» Exercise brief: Below are records; report how many of their lines contain the word "Aloha", giving only the number.

Data entries:
################
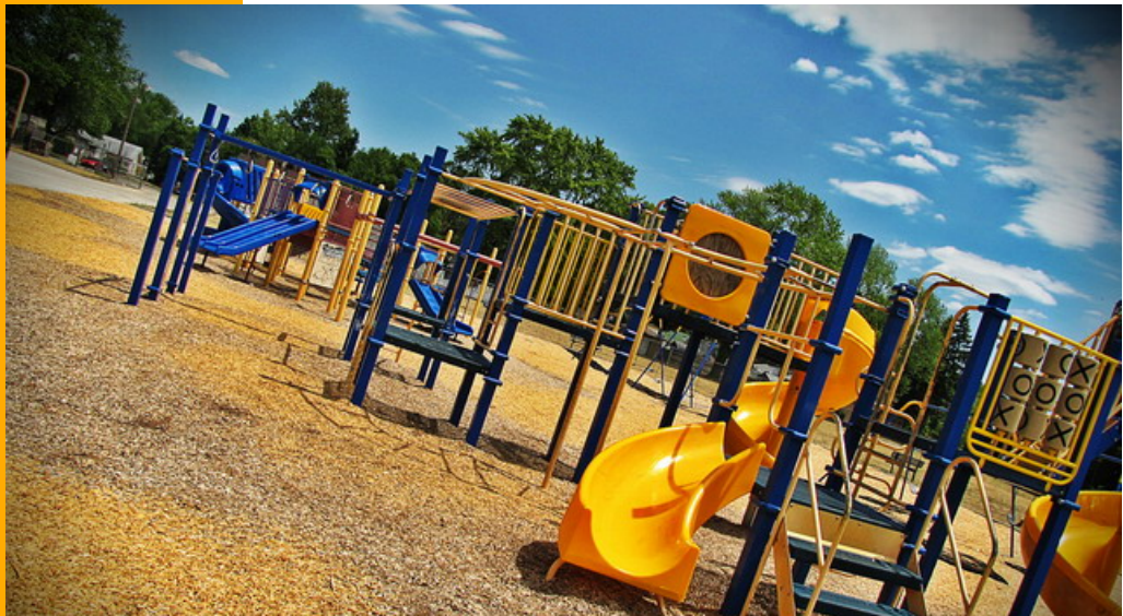
Beardsley Elementary School
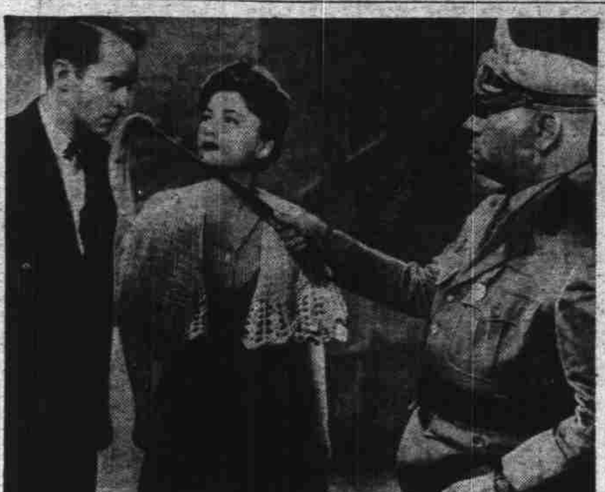
Drama in the North African desert reaches a high pitch in Paramount's exciting adventure, "Five Graves to Cairo," now playing at the Capitol theatre with Franchot Tone, Anne Baxter and Erich von Stroheim (shown above) in the principal roles. The story has to do with intrigue behind the rout of Rommel in Africa. Erich von Stroheim portrays Rommel. "Over My Dead Body," starring Mary Beth Hughes and Comic Milton Berle completes the double bill at the Capitol.
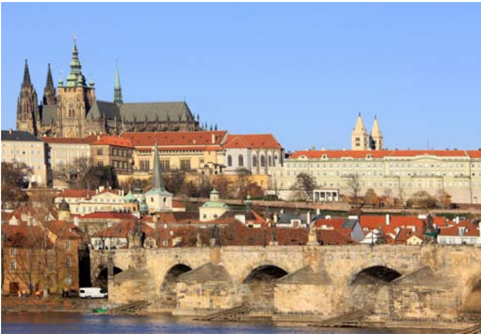
Prague Castle and Charles Bridge

This evening, proceed for a dinner cruise on the Vltava River with a local guide. Overnight at hotel Majestic/Jury's Inn/Diplomat or similar, in Prague.
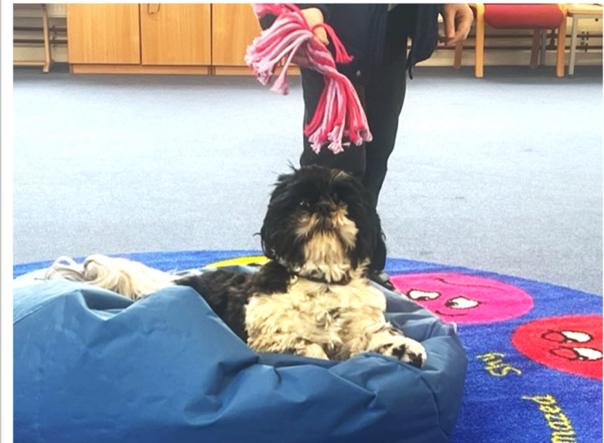
Barney the school therapy dog taking it easy!
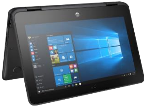
HP ProBook x360

Currently, we have two different models of laptops in circulation.
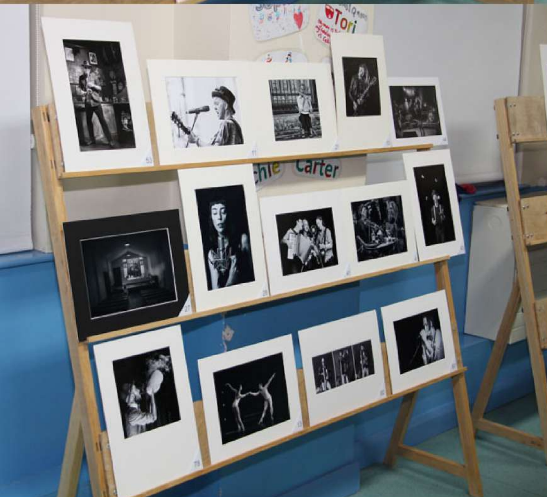
Mono Prints - Starred Images
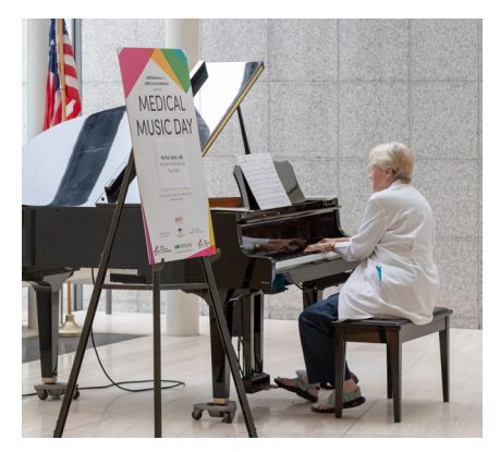
6th Annual Medical Music Day May 18 // 10a-4p

AIM brings the healing power of the arts to our community! We hope you'll join us for one of our many community events.
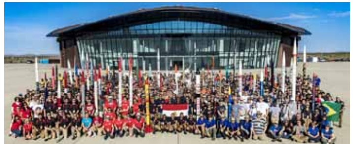
2017 Spaceport America Cup Participants

PACA is sponsoring the Spaceport America Cup this year for the first time. It is the world's largest intercollegiate rocket engineering conference and competition to be held June 19-23 at the Las Cruces Convention Center and the Spaceport America Vertical Launch Area. Hundreds of universities from across the globe will participate in this competition where 10-50 foot tall experimental rockets launch to altitudes of 30,000 feet. Over 110 teams representing colleges and universities from eleven countries participated in last year's event. This is a great way to meet hundreds of talented STEM students and potential job candidates for your companies.
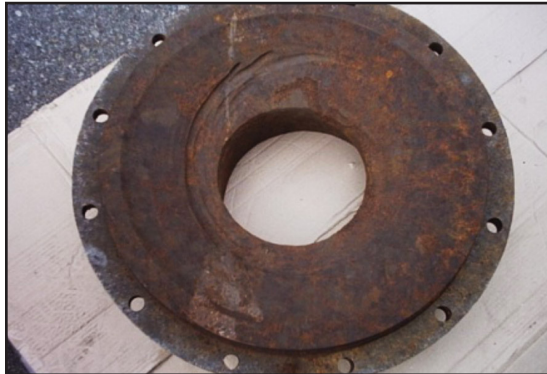
Worn pump cover

Abrasive wear of the pump wear plate from the iron powder slurry. The severe wear was a key source of the inefficiency.
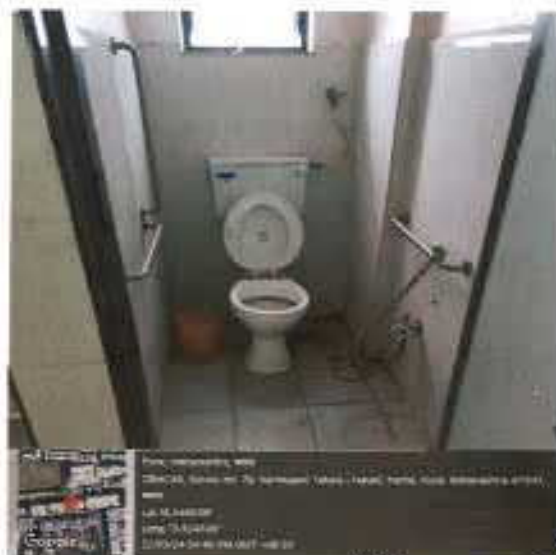
Photograph showing Divyangjan Washroom.
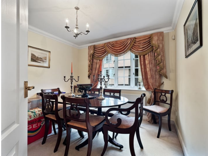
10' 5" x 10' 0" (3.17m x 3.05m)
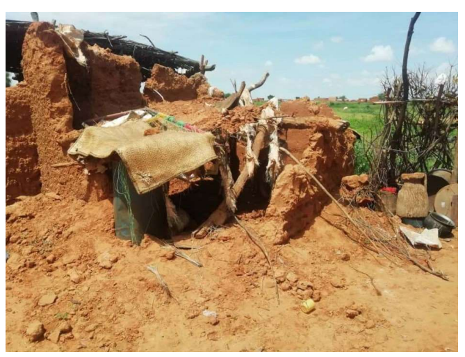
One home out of thousands damaged by heavy rains in West Kordofan.

UNHCR assessment missions met communities in the larger Khartoum where a total of 14 South Sudanese refugees went missing after flash floods hit their houses and one little girl drowned. A boat mission reached an area at the Nile's devastated banks some 15 kilometers outside the capital where South Sudanese refugees live alongside their Sudanese neighbours. The men in the area lost their jobs as brickmakers in the aftermath of the disastrous events. Hygiene levels have plummeted following the collapse of latrines during the flooding which left people no other choice than open defecation.
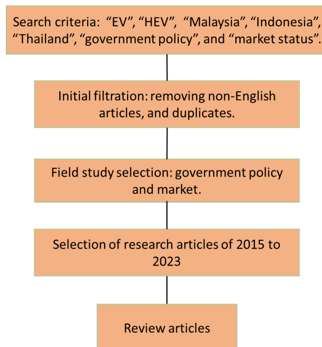
Fig. 2. Literature review process
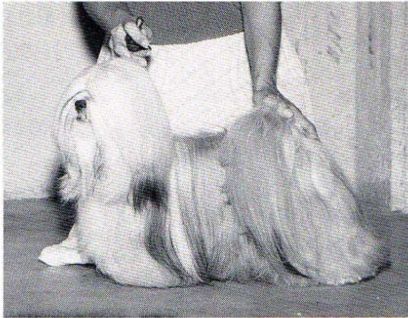
CH. FLEETFIRE FASH ON RED
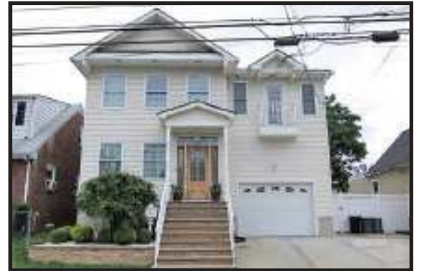
PERTH AMBOY - Stunning single family a block away from high school. This is a masterpiece completely remodeled from top to bottom. 2 full baths, 3 bedrooms, gourmet kitchen w/granite, 2 zoned A/C units, deck, garage and much more. A "must see" - truly better than new. $324,900
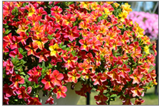
Aloha Nani Red Cartwheel Calibrachoa flowers

Aloha Nani Red Cartwheel Calibrachoa is recommended for the following landscape applications;
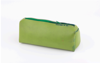
1 PENCIL CASE
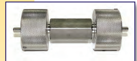
FT110AB Double Flusher
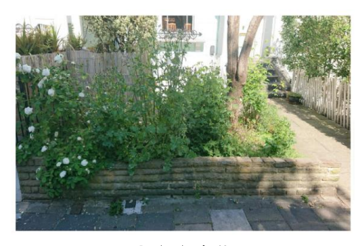
Front boundary of no.26
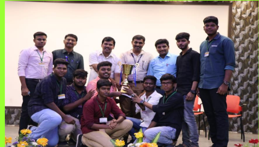
Won the Overall Championship Award in Spyder 2K19 Technical Symposium conducted by Hindustan College of Arts & Science, Coimbatore on 26-09-2019
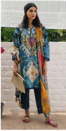
# 031 #
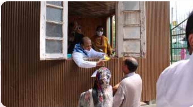
Pharmacy Counter @ Dal Lake Medical Camp

Two village residents offered their houses to set up a pharmacy counter and a place for eye check-up. Free medicines were given to all patients, who came to the camp.
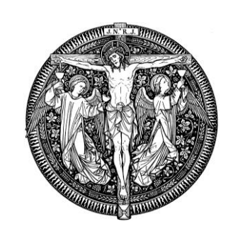
26 August 2018 Fourteenth Sunday after Pentecost
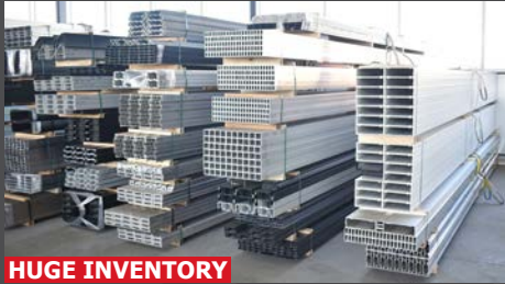
HUGE INVENTORY Partial view of metal stock available
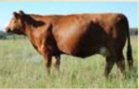
MBJ 168X - Grand dam
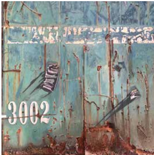
Dumpster 3002 , oil and encaustic on braced wood panel, 24" x 24", 2021
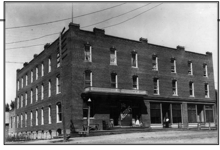
Alturas (Hiawatha) Hotel
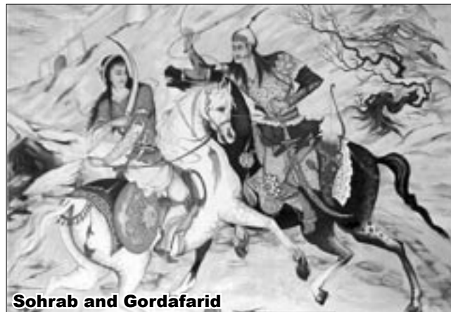
Sohrab and Gordafarid

The Scythians, and other early steppe Iranians are believed to have been the first Indo-Europeans to use domesticated horses for riding (as op-
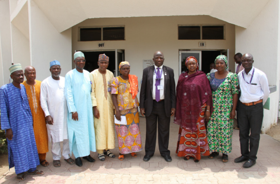
team were received at the Vice- staff School Management and POs after the courtesy visit

The University Staff School, FUT, Minna was established on January 28, 1987 with the motto "Excellence is our goal."
################
» Result for this exercise: 2